Gloom to glory: The fall and rise of Ipswich Town

By Brenner Woolley, BBC Radio Suffolk's Ipswich commentator for 21 seasons

Once upon a time, in a commentary, I described Ipswich as "Britain's most miserable football club", which I stand by to this day.

There was no attractive football, no success on the pitch, no academy graduates coming through, supporters did not like manager X, manager Y or manager Z and complained about everything from the music at Portman Road, to the price of tickets and the away shirts - they did not like anything.

But under Kieran McKenna, the sun has come out from behind a big, dark cloud.

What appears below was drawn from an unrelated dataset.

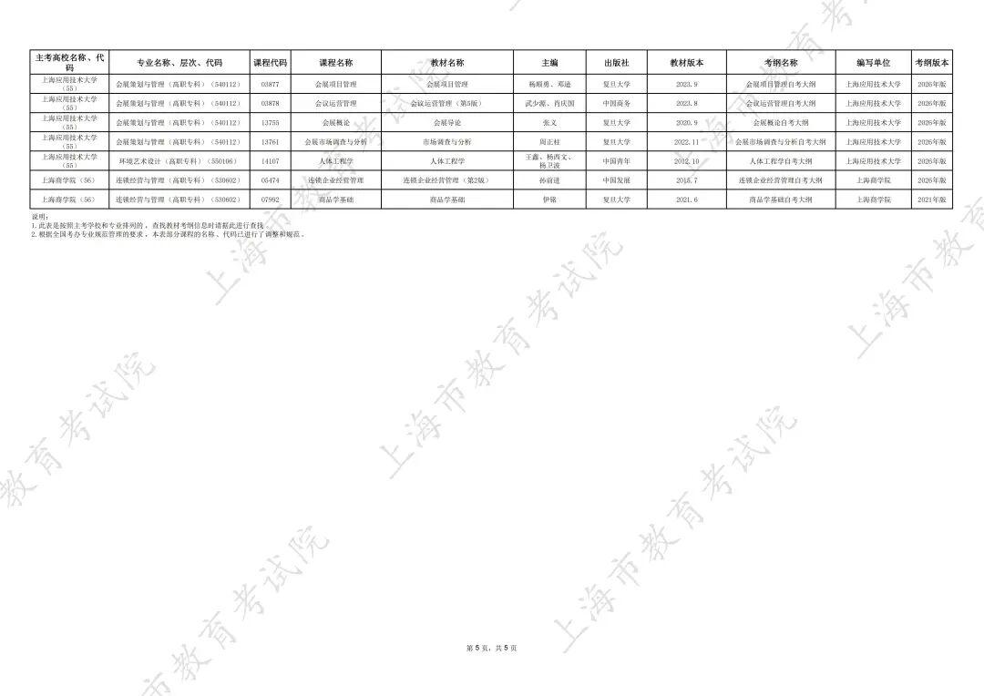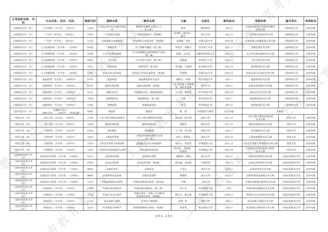 自考|沪2026年4月高等教育自学考试教材考纲书目表公布

The club got the right man at the right time and the impact he has made has been absolutely seismic - now grimaces have been replaced by smiles.

The fans could never have imagined things progressing as they have in such a short period of time, but now their dream has come true - a place in the Premier League.

The 'horrible' years at Portman Road

I started doing commentary off the back of relegation from the Premier League in 2002, which was followed by a spell in administration.

There were a couple of play-off runs in 2004 and 2005 under Joe Royle but Town were in the doldrums in the Championship for so many years until Mick McCarthy did the same in 2015.

In 2018-19 came the low point. Paul Hurst was sacked after only winning one game and for the rest of the season, under Paul Lambert, they sleepwalked towards relegation to the third tier for the first time in more than 60 years.

There had been boos from fans, performances were very poor and fans were unhappy with a perceived lack of investment by then owner Marcus Evans.

Everything was horrible, and the club in terms of its infrastructure was in a state of disrepair.

But in April 2021, American investment came in when Gamechanger 20 Ltd bought the club and since then it has been a different world at Portman Road.

'Demolition man' starts rebuild

Paul Cook was only manager for nine months in 2021 but he had a vital role in the upturn in Ipswich's fortunes.

He described himself as the "demolition man" because he had come in and taken over a squad he had very little time for - he made no bones about it - and there was a mass cull that summer.

In their place came some key players and from the group McKenna inherited, some of those Cook recruits have been instrumental, captain Sam Morsy being the obvious one.

Goalkeepers Christian Walton and Vaclav Hladky, defenders Cameron Burgess and George Edmundson, attacking midfielder Conor Chaplin and winger Wes Burns were all Cook signings, so he did a good job that summer in terms of recruitment - but he was not the new owners’ man.

They did bring in their man in December 2021 - and what an appointment it has been.

Destined for the top

The job that McKenna has done with the players he inherited, with the business he’s done, is utterly astonishing, gobsmacking.

Within a couple of weeks I thought, from speaking to this man, he was going to manage in the Premier League. But I did not dream it would be with Ipswich Town.

He just looked destined for the top and what I’ve seen of him these past couple of full seasons in lifting Ipswich from League One and back to the top flight has just underlined that – he will certainly manage at the very highest level.

He is very tactically astute, a fine man manager, a great communicator and he has improved players, whether it’s Morsy, who is 32 now, fellow midfielder Massimo Luongo, a similar age, young players coming into the building or new signings – he has revolutionised the club on the playing side.

Clearly, he demands very high standards, and from the word go his training methods have involved drones and other technology.

The way he conducts himself and deals with the media has been so refreshing after difficult times with various other managers down the years.

The players absolutely love him; they are very hard to play against, well coached and well organised, but above all else, they have this phenomenal togetherness, this attitude of having each others' backs.

Players that are not even on the bench go along and watch games and join in post-match celebrations. It is wonderful to see.

That spirit has dug them out of holes, got them equalisers, got them wins when they were drawing, they keep going to the end and are phenomenally fit.

Yes, they have had injuries but nowhere near the number that previous incarnations have had at Ipswich.

Some mornings I have thought 'is this really happening? Are they so close to the Premier League?'

From top to bottom, Ipswich are a club revolutionised. They are close no longer - they are there.